Island-baas Chris Blackwell zag in Toots evenveel potentie als in Bob Marley en ging met beide groepen een langdurige en vruchtbare samenwerking aan. Tijdens de Island-jaren verschenen van de inmiddels Toots & The Maytals gedoopte band fantastische albums als Funky Kingston en Reggae Got Soul en vestigde Toots als letterlijk ‘hardest touring reggae act’ een dijk van een livereputatie. Toots beheerste alle essentiële instrumenten behoorlijk zelf, maar omringde zich in de studio en op het podium met dezelfde topmusici. Vrijwel het hele repertoire was van eigen hand, maar zeldzame covers in zijn 70’s oeuvre zijn van zeldzame klasse. Zijn versie van Louie Louie is minstens zo aanstekelijk als het origineel en Toots’ soulvolle lezing van Take Me Home, Country Roads steekt John Denver’s origineel en ruim 150 andere na-apers naar de kroon.
 
Het deels met lokale coryfeëen opgenomen album Toots in Memphis uit 1983 zou zijn laatste Island-plaat zijn. Toots & The Maytals bleven echter een veelgevraagde podiumact en vanaf de jaren negentig begonnen ze ook in Amerika de kwaliteiten van deze bonafide soulgigant te ontdekken. Een hele garde gerenommeerde collega’s, onder wie Willie Nelson en Bonnie Raitt dweept met Hibbert en eind 2006 maakte Gov’t Mule tijdens hun traditionele New Years Eve show zelfs een derde van het marathonconcert vrij voor een set met Toots. Ook in Europa raakte de groep niet in het vergeetboek; concerten in ons land bleven drukbezocht en tijdens festivals als Glastonbury ging zelfs het grote mainstream-publiek voor de bijl.

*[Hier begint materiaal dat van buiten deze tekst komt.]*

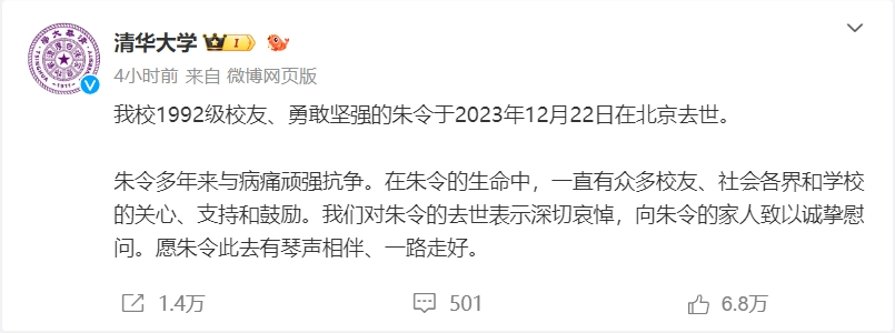 清華表示,朱令多年來與病痛頑強抗?fàn)?。在朱令的生命中,一直有眾多校友、社會各界和學(xué)校的關(guān)心、支持和鼓勵?!拔覀儗χ炝畹娜ナ辣硎旧钋邪У浚蛑炝畹募胰酥乱哉\摯慰問。愿朱令此去有琴聲相伴、一路走好。”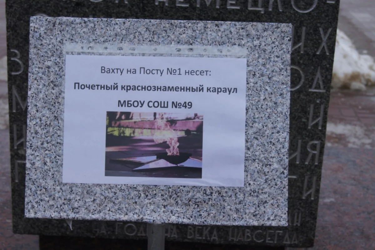 Службу на Посту №1 в настоящее время несут ребята из школы №49.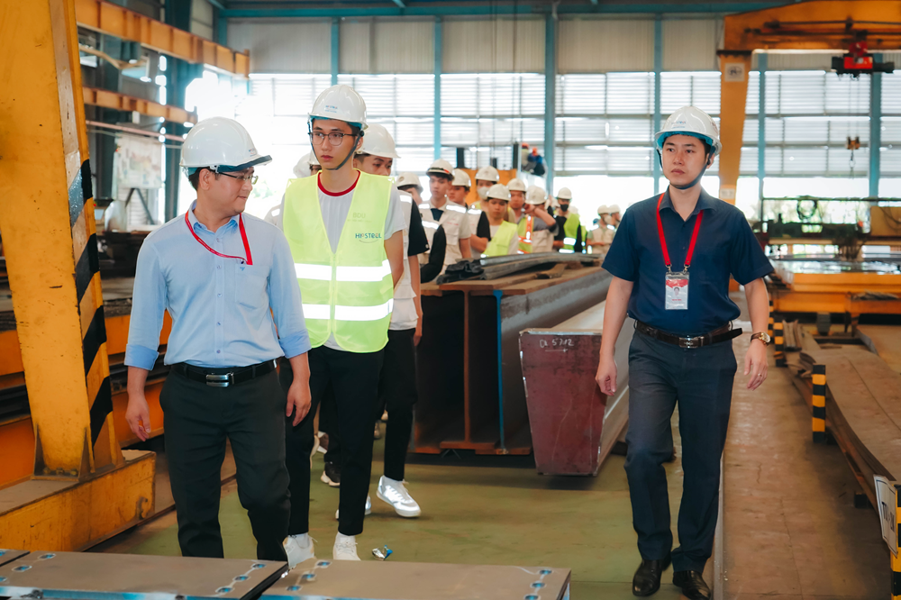 Để giúp sinh viên hiểu rõ hơn về quy trình sản xuất kết cấu thép, đại diện của doanh nghiệp đã dẫn sinh viên tham quan các khu vực xưởng cắt thép, gia công chế tạo, xưởng sơn tĩnh điện, và bãi lắp ráp thử các cấu kiện thép. Trong suốt chuyến tham quan, Ban lãnh đạo Nhà máy đã giải đáp nhiều câu hỏi của sinh viên, giúp các bạn hiểu sâu sắc hơn về ngành nghề mà mình đang theo đuổi.
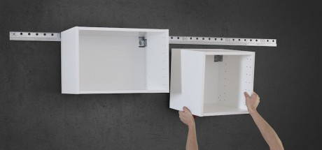 Dulcis in fundo, i mobili si installano facilmente grazie a un ingegnoso binario di sospensione. Basta attaccare il binario alla parete, agganciare i pensili e fissarli.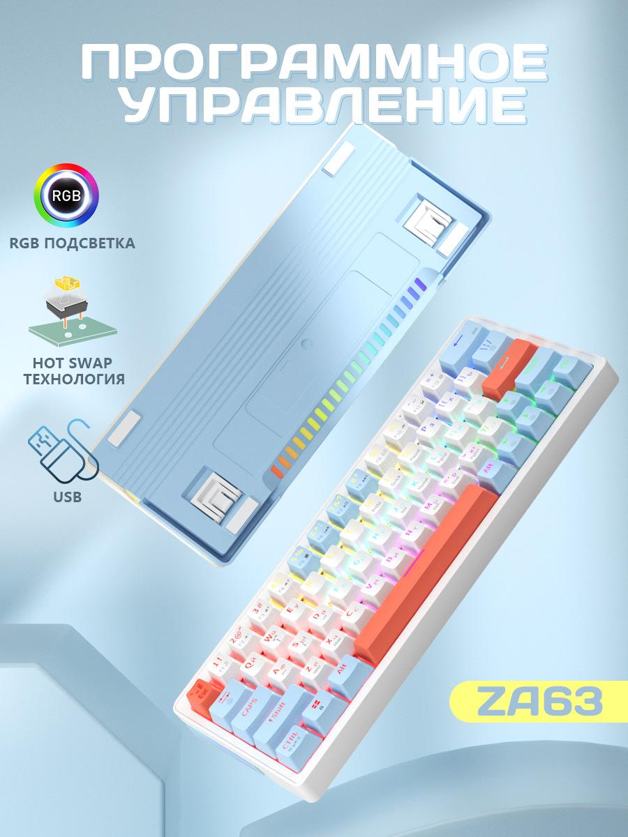 Teclado mecánico Zifriend ruso Za63, intercambiable en caliente, con tres modos de funcionamiento, inalámbrico por Bluetooth y para juegos de deportes electrónicos.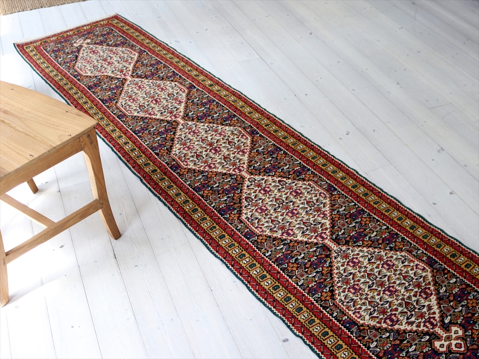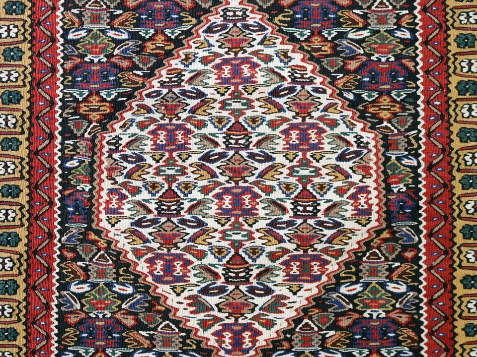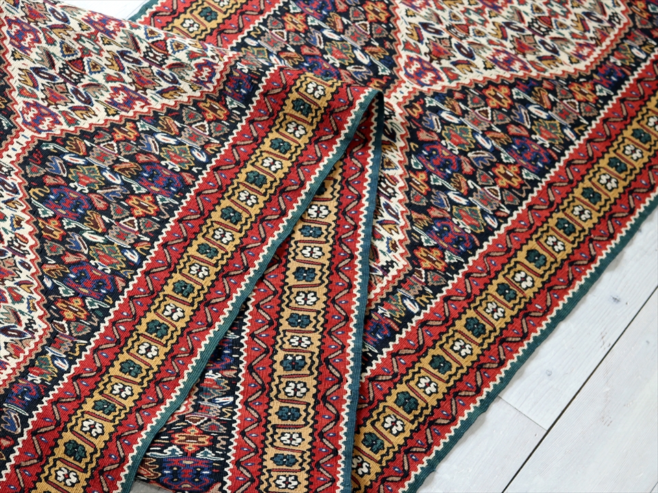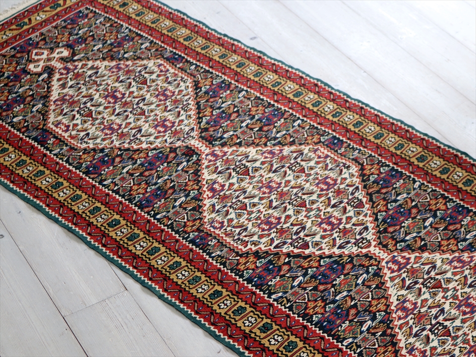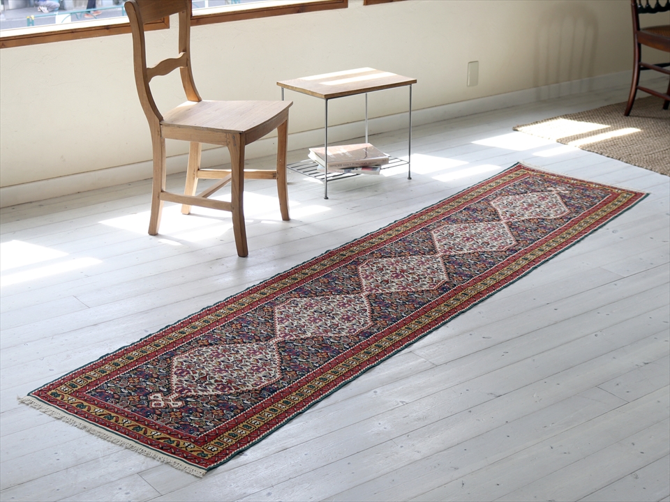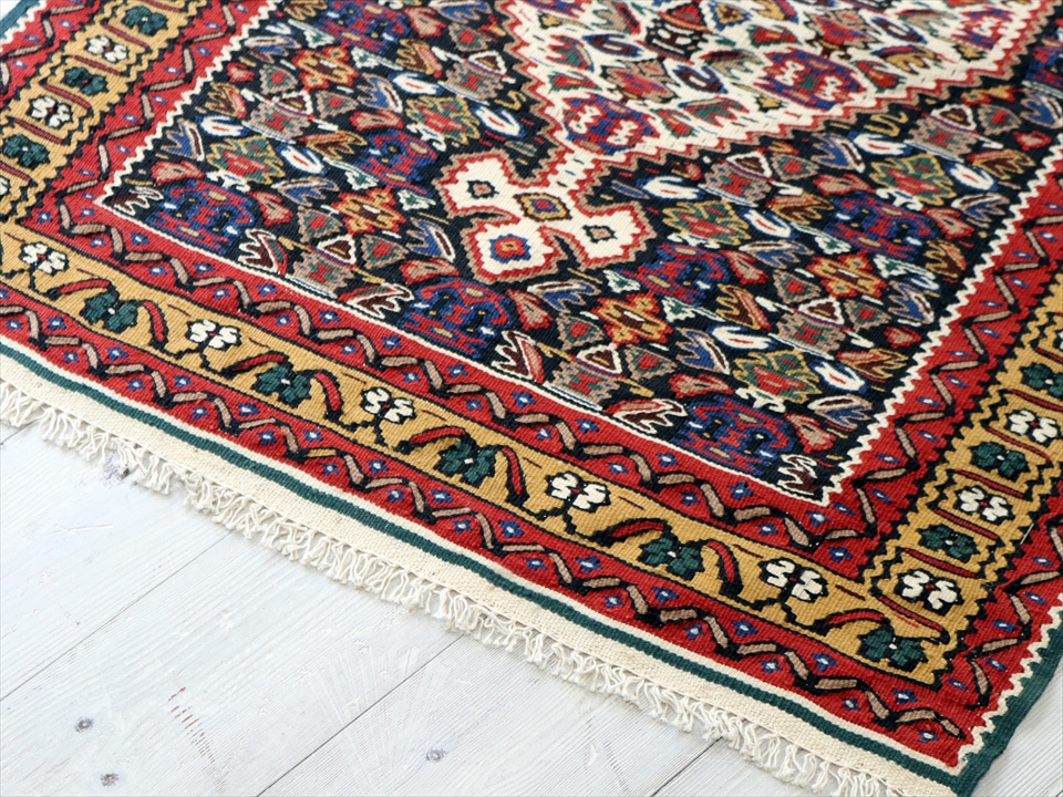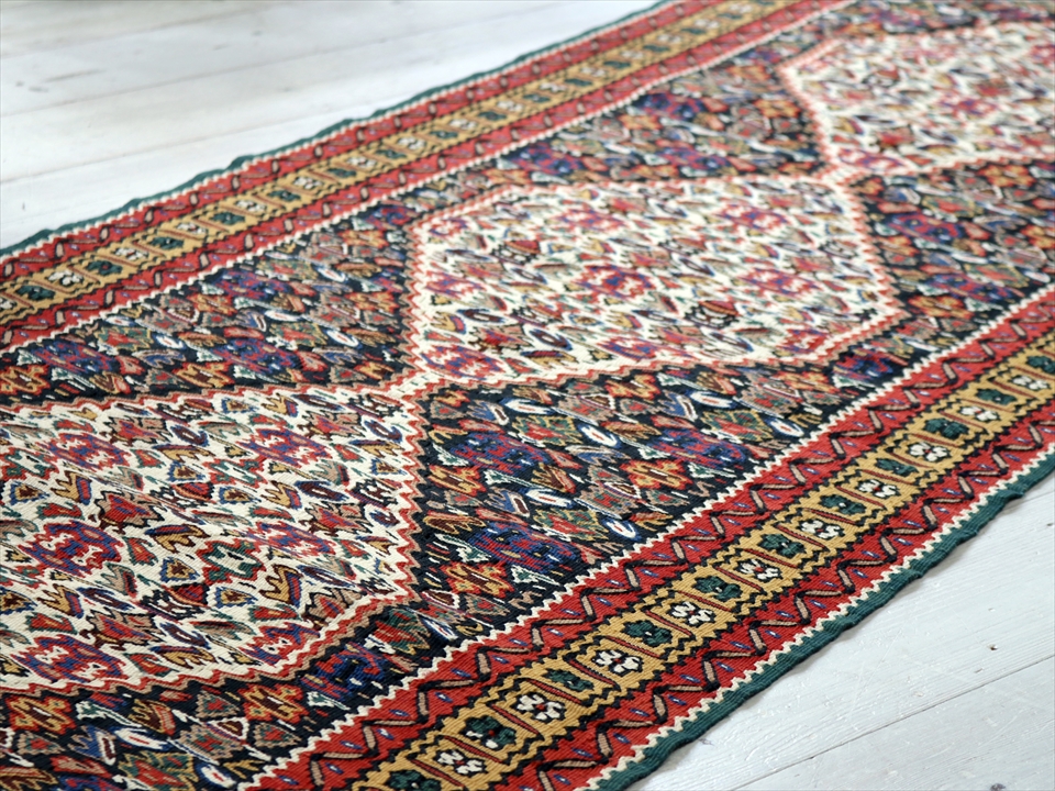 | イラン南西部、トルコとの国境に近いセネという町の特徴あるキリム。全面に隙間なく細かなモチーフが置かれているデザインはとても特徴的です。緻密で細かな織り、整ったモチーフ使いなど、交易品として織られたといわれる、セネ地方のキリムならではの特徴がよく出ています。 天然染料が使われており、はっきりとした美しい色あいです。 |

In mei 2013 raakte de reggaezanger gewond toen tijdens een festival in Richmond een fles zijn hoofd raakte. De gevolgen leken Toots’ carrière voortijdig te beëindigen, maar drie jaar later stond de taaie Jamaicaan toch weer op de bühne en dit jaar zou hij, tot het coronavirus dat onmogelijk maakte, ook Amsterdam en Groningen weer aandoen.
 
In afwachting van het nieuwe album Got To Be Tough en met de tickets voor een tot volgend jaar december uitgesteld concert in Paradiso op de koelkast, was ik een eind op streek met mijn artikel, toen er anderhalve week geleden berichten kwamen dat mijn held met covid-achtige symptomen in het ziekenhuis was opgenomen en daar om medische redenen in coma werd gehouden. Familie en een Jamaicaanse minister spraken de dagen daarna uit hoopvol te zijn, maar afgelopen vrijdag moest de onverwoestbaar lijkende Toots Hibbert het afleggen tegen zijn korte maar hevige ziekte.